Finalmente el resultado fue que no tenía la tal tuberculosis. Así constataron sus dudas, la dra y el radiólogo, además el pediatra de mi hijita, que era un viejo amigo, me había dicho que no creía que tuviera esa enfermedad por el color en la radiografía. Lo duro para alguien que se enferma, es no poder decidir, porque cuando una se enferma, cae en una subalteridad mayor, y si antes creían que podían decidir por mí, allí, en esa situación todos decidían por mí, hasta el gato que no tenía.
El diagnóstico me llevó a tomar otra medicina, menos letal para mis otros órganos, que con el tiempo, eliminaría la bacteria (imposible de pronunciar)que se me había metido al cuerpo, proveniente seguramente de la anciana con la cual estuve dos noches seguidas en un mismo cuarto.
Hoy me recuerdo de esto por lo de la pandemia. Por el contagio. Por la prevenciones al contagio. Cuando una está enferma deja en parte de existir. Todo se vacía. Si las mujeres somos regularmente desvalorizadas, allí caés a lo profundo de la anonimia, y peor si tenés algo contagioso. Porque nadie se te acerca tanto, nadie te mira, porque das lástima. Mi hijita no me vio el rostro sino hasta ese momento. Cuando me rehabilité ella ya había cumplido casi cuatro meses, y nunca había visto mi rostro, porque siempre usé mascarilla, si la quería ver y acercarme un poco.

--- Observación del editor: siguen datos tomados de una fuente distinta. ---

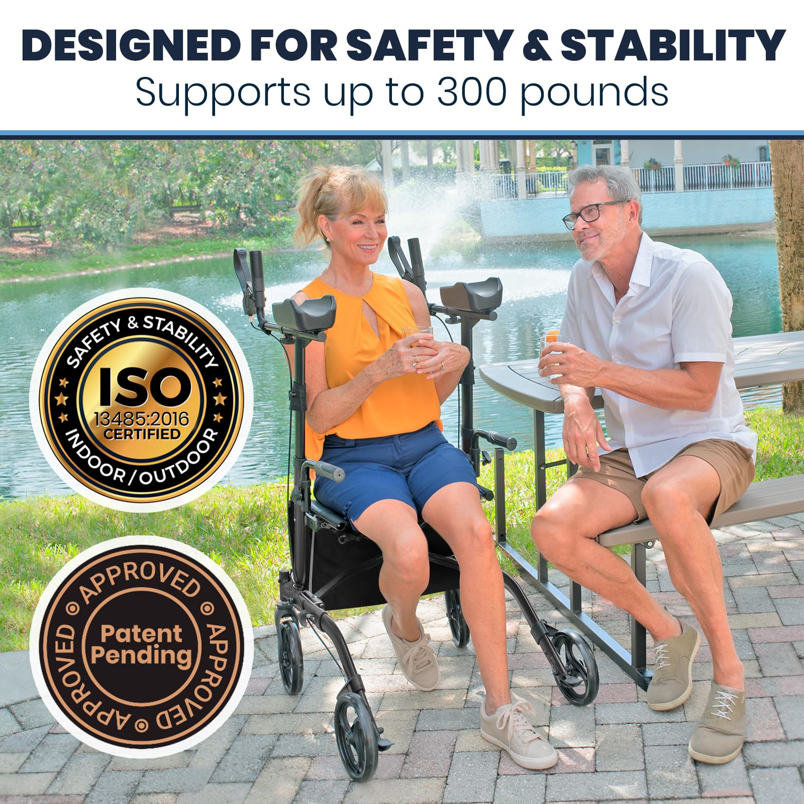 COMFORTABLE ON THE GO SEATING: Featuring a supportive, 17.5” wide seat, the tall upright rollator walker provides comfortable, on-the-go seating for resting as needed. The folding rollator also includes a detachable shoulder bag that safely stores essential items close at hand.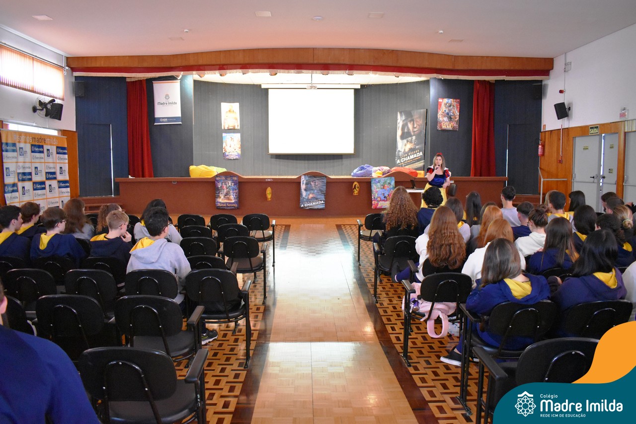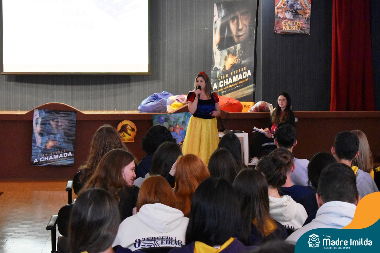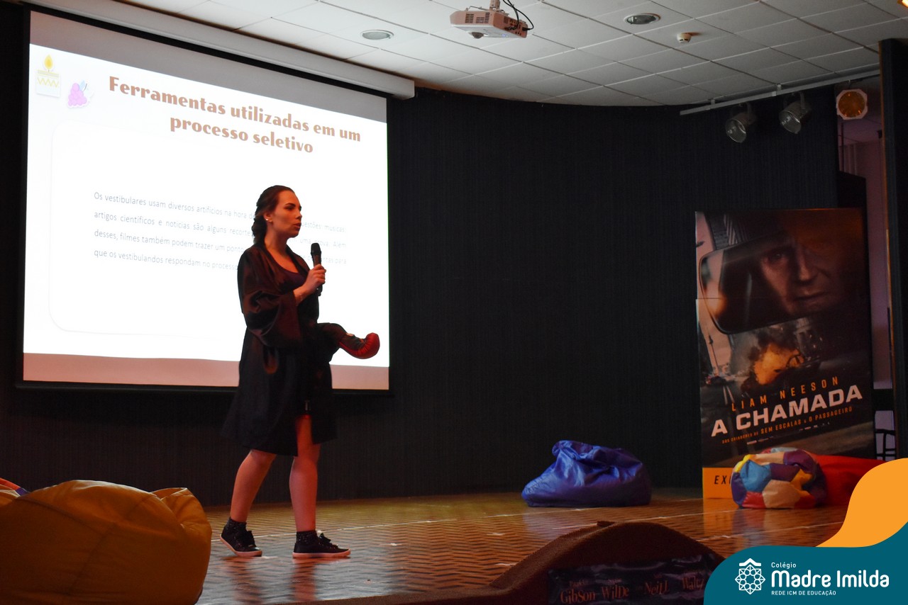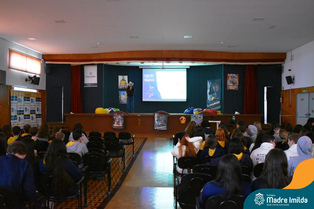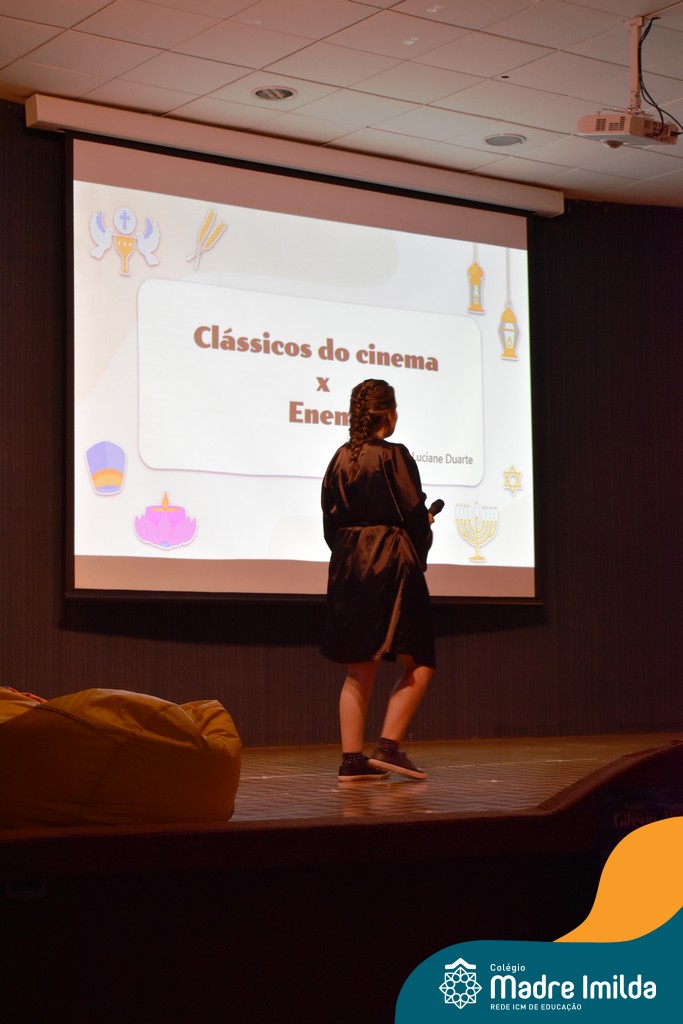 O Colégio Madre Imilda tem o compromisso de preparar nossos estudantes para o ENEM de uma maneira que seja envolvente e memorável. E nada melhor do que trazer a magia do cinema para a sala de aula, proporcionando uma experiência educacional única. Com a aproximação das provas do ENEM, este Aulão foi planejado para criar um ambiente de aprendizado estimulante e descontraído, onde os estudantes puderam se preparar de forma eficaz e, ao mesmo tempo, desfrutar da sétima arte.

Seguíamos sin luz. Las candelas fueron nuestra compañía durante largas noches. Ya por entonces el papá de mi hija se iba a cumplir con sus otras obligaciones, cosa que creo, no había podido hacer mientras yo estaba en cama. Y entonces los días fueron lentos, mi hija crecía junto a mí, que despacio me iba restableciendo, pienso ahora que crecimos juntas. Muchas cosas cambiaron en mi vida. Una de ellas, ser más precavida, sesuda, jurándome cuidarme mucho, no volver a caer en eso. Y quizás por eso ahorita me recuerdo tanto de ese periodo. Porque esas enfermedades contagiosas son tremendas. Nadie lo sabe sino hasta que lo ha vivido. Y yo lo viví hace 28 años y todavía puedo recordarlas. Pude haber muerto. Pero no sucedió, aunque hubo un tiempo en que creían que moriría, ya que no me restablecía totalmente, dejando huérfana a mi única hija.
La recuperación casi total, tardó al menos dos años, aunque volví antes al trabajo, y tuve varias recaídas. Pero eso sí me juré no volver a pasar por eso. Hay que decir siempre, que no quiere una tal cosa, hay que tener determinación. Porque nadie nos va a cuidar como nos lo merecemos. Como seres humanas, como mujeres enfermas. Hoy que lo pienso, y veo lo de la pandemia, me doy cuenta que tenemos que decir que no queremos contagiarnos. Tenemos que ver por nosotras mismas. Debemos perder el miedo a no tener los mismos bienes que teníamos. No debemos dejarnos vencer por la avaricia de tener más, de tener mucho dinero, de andar comprando cosas inservibles. Que no se pueden llevar al más allá. Sin salud todo eso es en vano.